RECORDS FOR THE EXERCISE:
▽

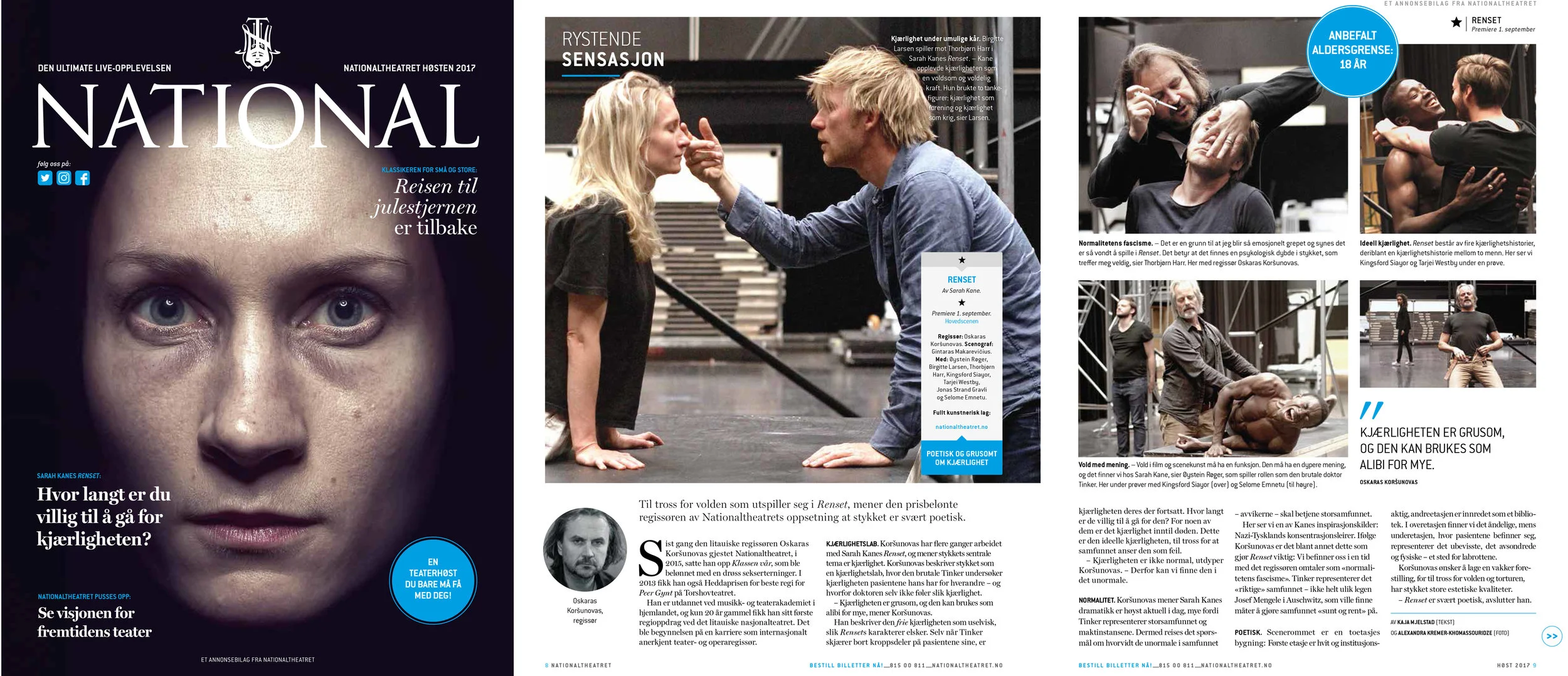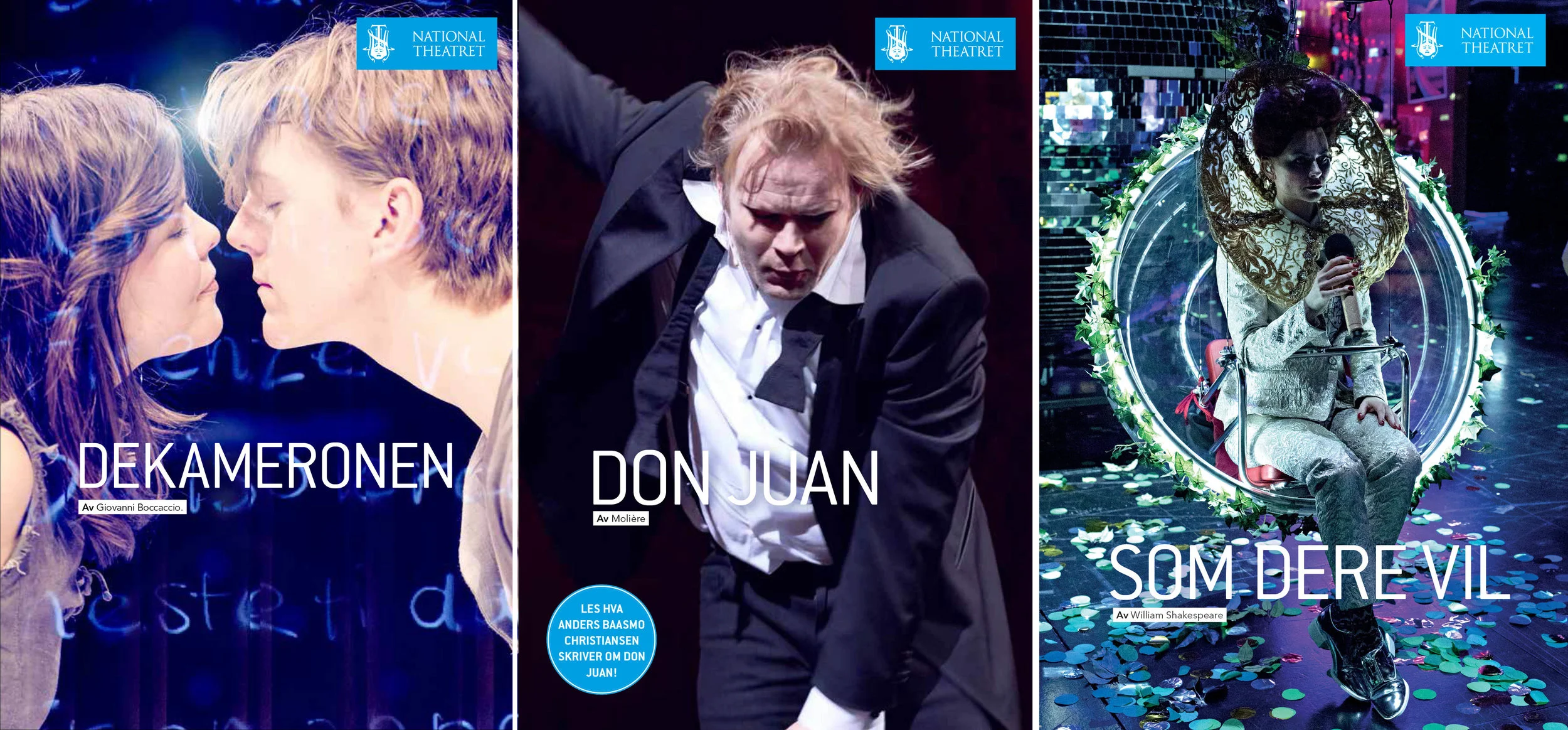 Årene 2016–2017 jobbet jeg som programredaktør for Nationaltheatret. Det innebar å bestille og redigere bakgrunnsstoff om oppsetningene, skrive intervjuer og annet interessevekkende stoff, velge ut bilder og binde innholdet sammen til en fin, helhetlig pakke. Jeg var også redaktør for National magasin, som utkom hvert halvår. Her er faksimiler fra National magasin høsten 2017 og programmet til de tre hovedsceneproduksjonene Dekameronen, Don Juan og Som dere vil.
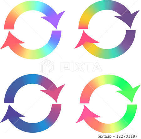 Arrow circle conveying flow and direction with rotating curved motion symbols
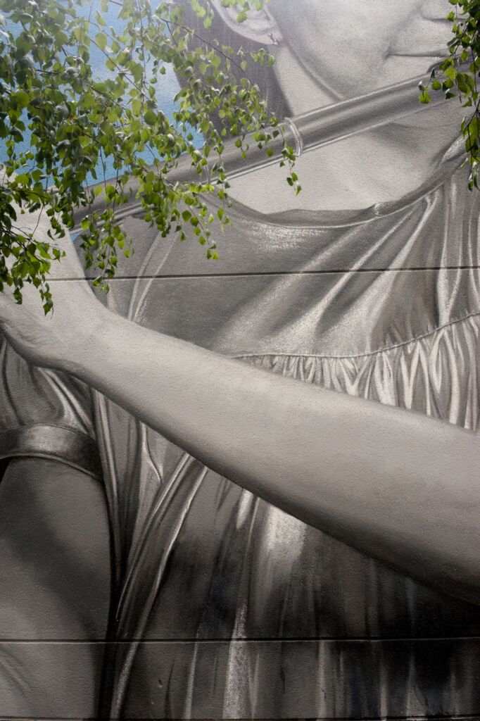 Conseguir una pared para la realización del mural fue una tarea muy complicada. Quisimos hacerlo cerca de la plaza que lleva tu nombre y donde está proyectada la construcción de casa de las mujeres, pero no conseguimos todos los votos de la comunidad de propietarios. Sin embargo, logramos la autorización en el barrio de Tximelarre, donde tú viviste y donde muchas vecinas y vecinos te conocieron, y se alegran de que tu mural les reciba al entrar en el barrio.
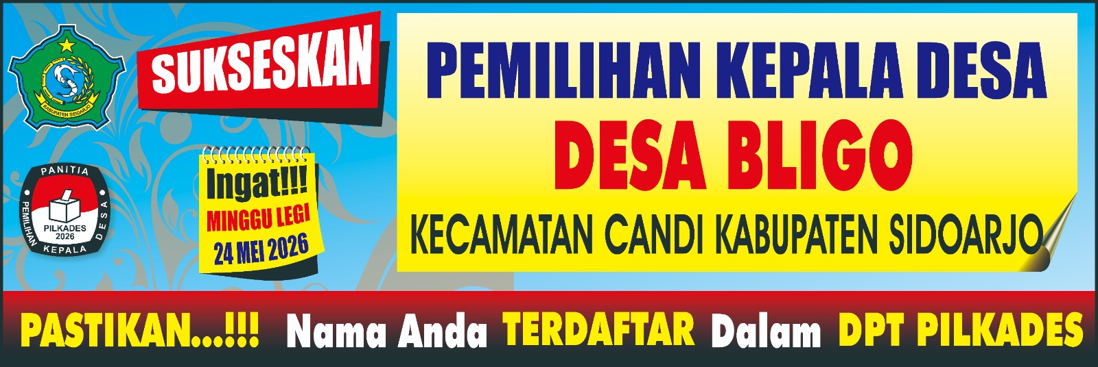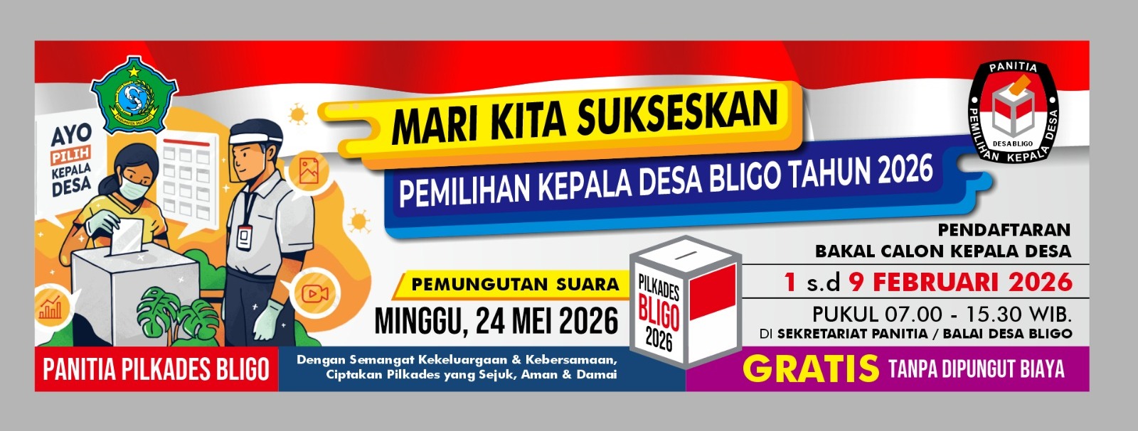 PANITIA PILKADES DESA BLIGO - Kamis, 01 Jan 2026 "MARI KITA SUKSESKAN PEMILIHAN PILKADES DESA BLIGO 2025 DENGAN DAMAI KONDUSIF DAN AMAN". Pastikan nama anda terdaftar dalam DPT PILKADES Desa Bligo Tahun 2025
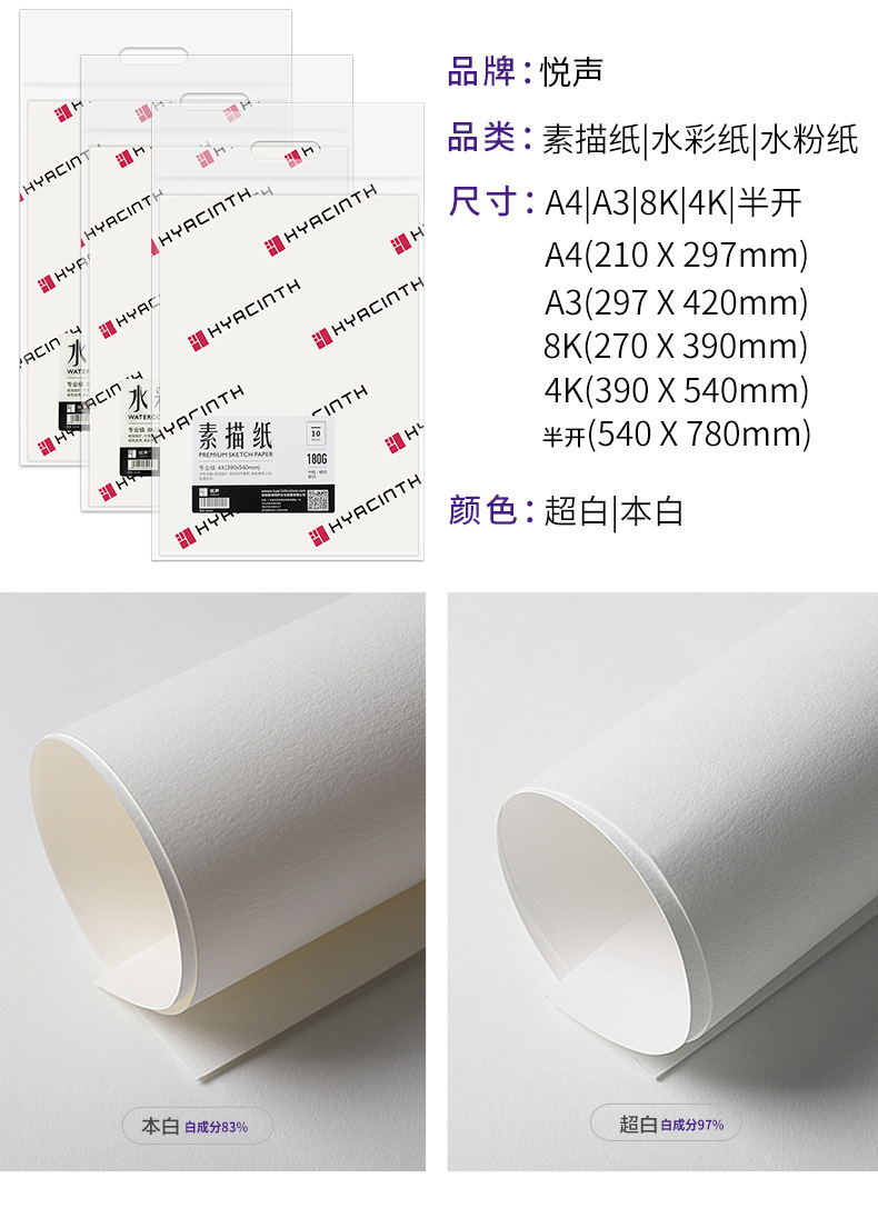 Choice Yuesheng 8k Sketch Paper 4k Thickened Watercolor Paper 4 Open Drawing Paper Art Paper Drawing Lead Drawing Paper Special for Art Students

△

WHAT TO WORK ON:
Be exact. Write out all the entries and omit the pictures.

WRITTEN RESPONSE:
 Årene 2016–2017 jobbet jeg som programredaktør for Nationaltheatret. Det innebar å bestille og redigere bakgrunnsstoff om oppsetningene, skrive intervjuer og annet interessevekkende stoff, velge ut bilder og binde innholdet sammen til en fin, helhetlig pakke. Jeg var også redaktør for National magasin, som utkom hvert halvår. Her er faksimiler fra National magasin høsten 2017 og programmet til de tre hovedsceneproduksjonene Dekameronen, Don Juan og Som dere vil.
 Arrow circle conveying flow and direction with rotating curved motion symbols
 Conseguir una pared para la realización del mural fue una tarea muy complicada. Quisimos hacerlo cerca de la plaza que lleva tu nombre y donde está proyectada la construcción de casa de las mujeres, pero no conseguimos todos los votos de la comunidad de propietarios. Sin embargo, logramos la autorización en el barrio de Tximelarre, donde tú viviste y donde muchas vecinas y vecinos te conocieron, y se alegran de que tu mural les reciba al entrar en el barrio.
 PANITIA PILKADES DESA BLIGO - Kamis, 01 Jan 2026 "MARI KITA SUKSESKAN PEMILIHAN PILKADES DESA BLIGO 2025 DENGAN DAMAI KONDUSIF DAN AMAN". Pastikan nama anda terdaftar dalam DPT PILKADES Desa Bligo Tahun 2025
 Choice Yuesheng 8k Sketch Paper 4k Thickened Watercolor Paper 4 Open Drawing Paper Art Paper Drawing Lead Drawing Paper Special for Art Students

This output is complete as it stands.